Your copy should contain exactly the lines from the one that holds "This stunning 14K" through the end of the material, reproduced as written, with no pictures.

────────────────────

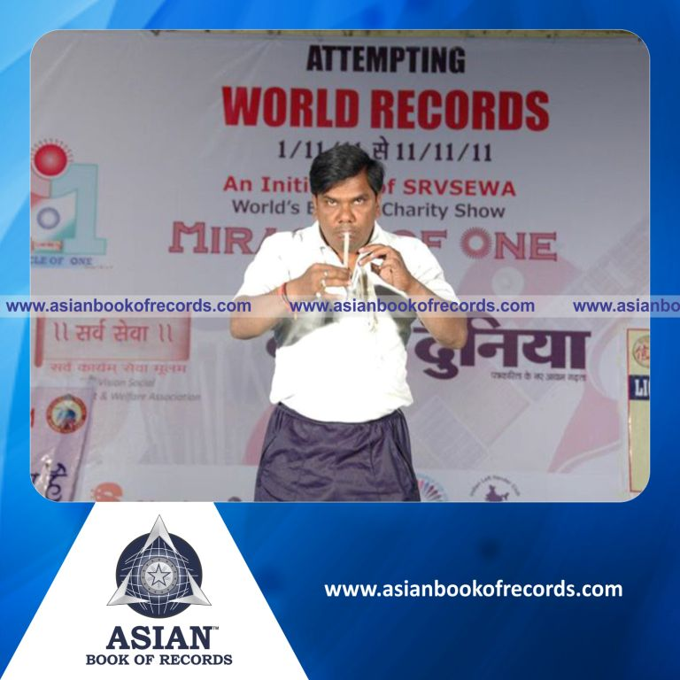 The Longest Piece of Cloth Swallowed by an Individual (Male) was achieved by G P Katiya and organized by Shri Vision Social Empowerment & Welfare Association, Indore, Madhya Pradesh, India on November 9, 2011. It measured 18 feet in length and 2.5 inches in breadth.
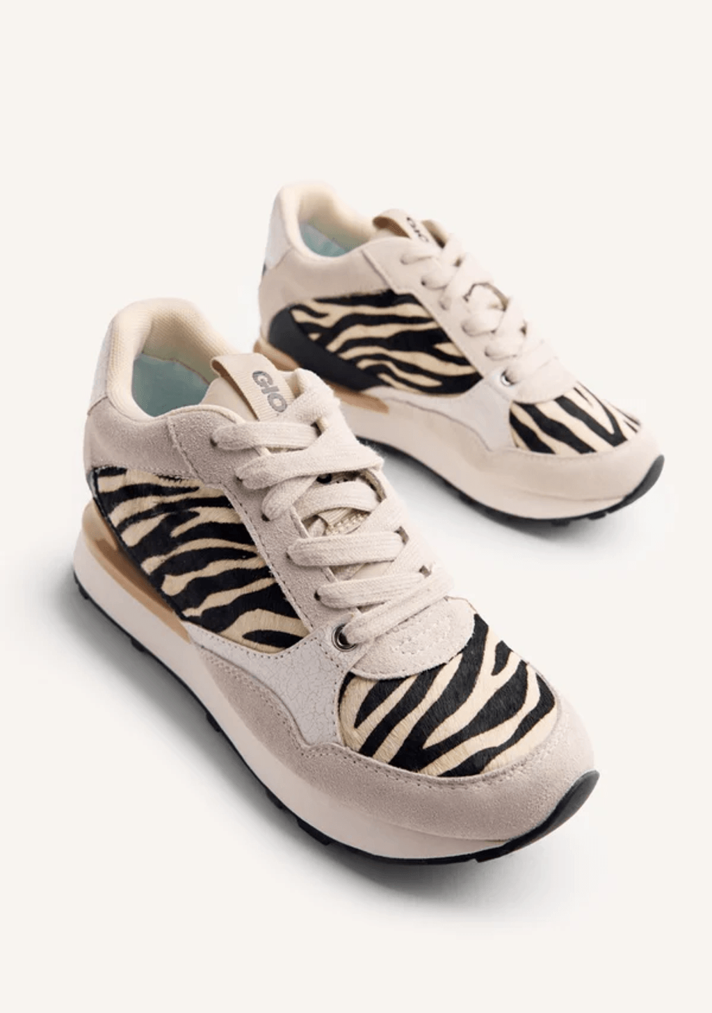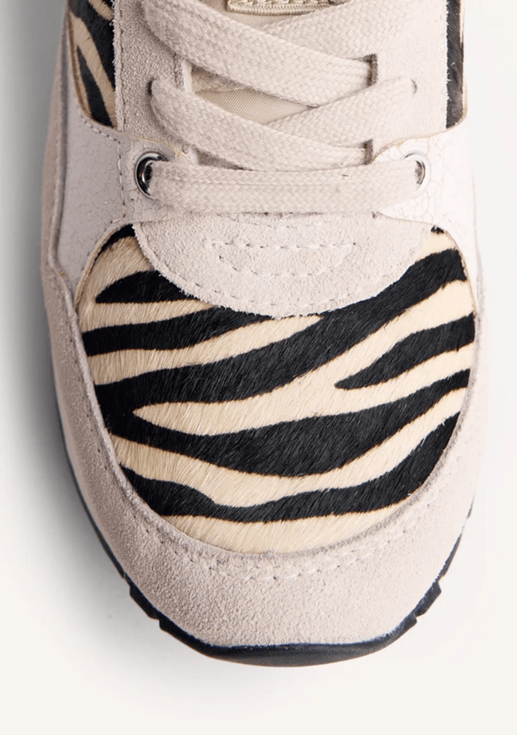 Zapatillas de ante con cuña interior. Combinan un estampado animal con efecto piel y detalles craquelados.
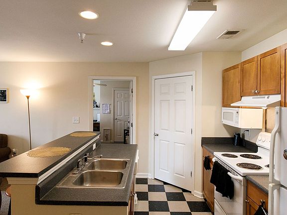 Each bedroom comes with a lofted bed, nightstand, chest of drawers, private bathroom, a built-in desk with chair, a ceiling fan, and a closet. The common area includes a couch, sofa chair, coffee table, end table, TV and TV stand, high bar seating with stools, dining table with chairs, a washer, dryer, dishwasher, microwave, refrigerator, a storage unit (not in all), and a private balcony. A $40 amenity fee includes high-speed Ting internet, trash, storage. There is a quarterly electric allowance of $270 and a $25 per bedroom per month water allowance.
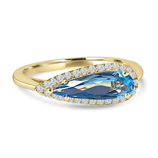 This stunning 14K Yellow Gold ring showcases a captivating pear-cut blue topaz, expertly set horizontally...
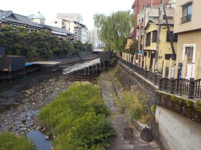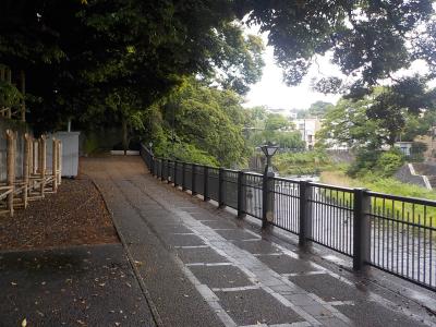 ホテルにチェックインした後に夕食までの時間を利用して伊東の町を散策しました。音無神社まで行った後に松川遊歩道を辿って河口まで歩きました。旅館街を流れる松川の右岸にある遊歩道は上り下りはなくよく整備されているので歩きやすいです。また夜ほのかな灯になる竹灯籠がたくさん並べられていました。灯が入るとまた違った景観を楽しむことができると思います。河口付近は国道を横断できませんので、一度河原の道に下りて国道の橋の下をくぐらないといけません。
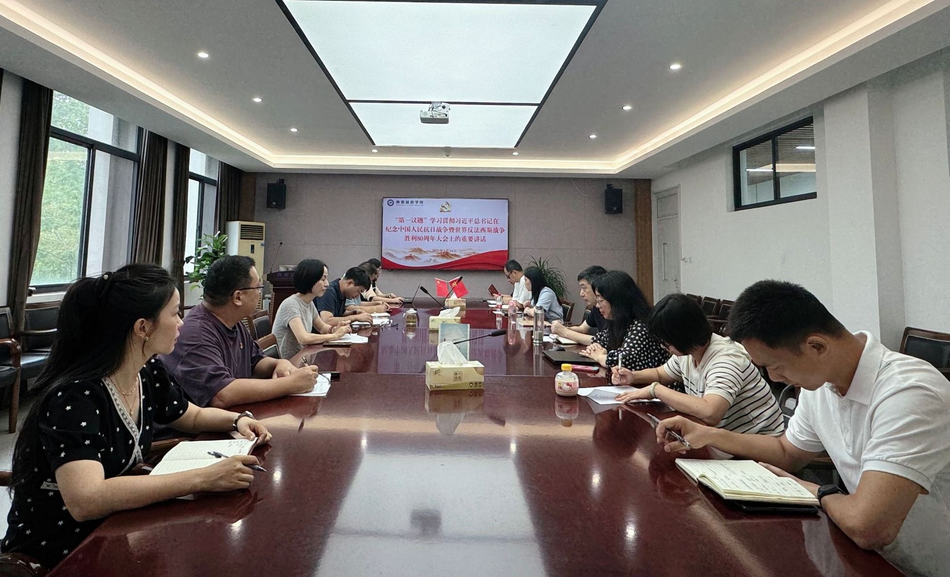 最后,分院党总支书记、院长张赵根作总结发言。他强调,要深入贯彻落实习近平总书记的重要论述精神,深刻领会伟大抗战精神的历史意义和时代价值,从中汲取奋进力量;要坚决抵制历史虚无主义等错误思潮,在广大师生中牢固树立和践行唯物史观,营造风清气正、安全稳定的校园环境;要以更高标准、更实举措推动党的作风建设走向纵深,持续巩固拓展中央八项规定精神学习教育成果,完善常态化长效化机制,为分院和学校高质量发展提供坚强政治保障。

────────────────────

▶ **WRITTEN REPLY**:
 This stunning 14K Yellow Gold ring showcases a captivating pear-cut blue topaz, expertly set horizontally...
 ホテルにチェックインした後に夕食までの時間を利用して伊東の町を散策しました。音無神社まで行った後に松川遊歩道を辿って河口まで歩きました。旅館街を流れる松川の右岸にある遊歩道は上り下りはなくよく整備されているので歩きやすいです。また夜ほのかな灯になる竹灯籠がたくさん並べられていました。灯が入るとまた違った景観を楽しむことができると思います。河口付近は国道を横断できませんので、一度河原の道に下りて国道の橋の下をくぐらないといけません。
 最后,分院党总支书记、院长张赵根作总结发言。他强调,要深入贯彻落实习近平总书记的重要论述精神,深刻领会伟大抗战精神的历史意义和时代价值,从中汲取奋进力量;要坚决抵制历史虚无主义等错误思潮,在广大师生中牢固树立和践行唯物史观,营造风清气正、安全稳定的校园环境;要以更高标准、更实举措推动党的作风建设走向纵深,持续巩固拓展中央八项规定精神学习教育成果,完善常态化长效化机制,为分院和学校高质量发展提供坚强政治保障。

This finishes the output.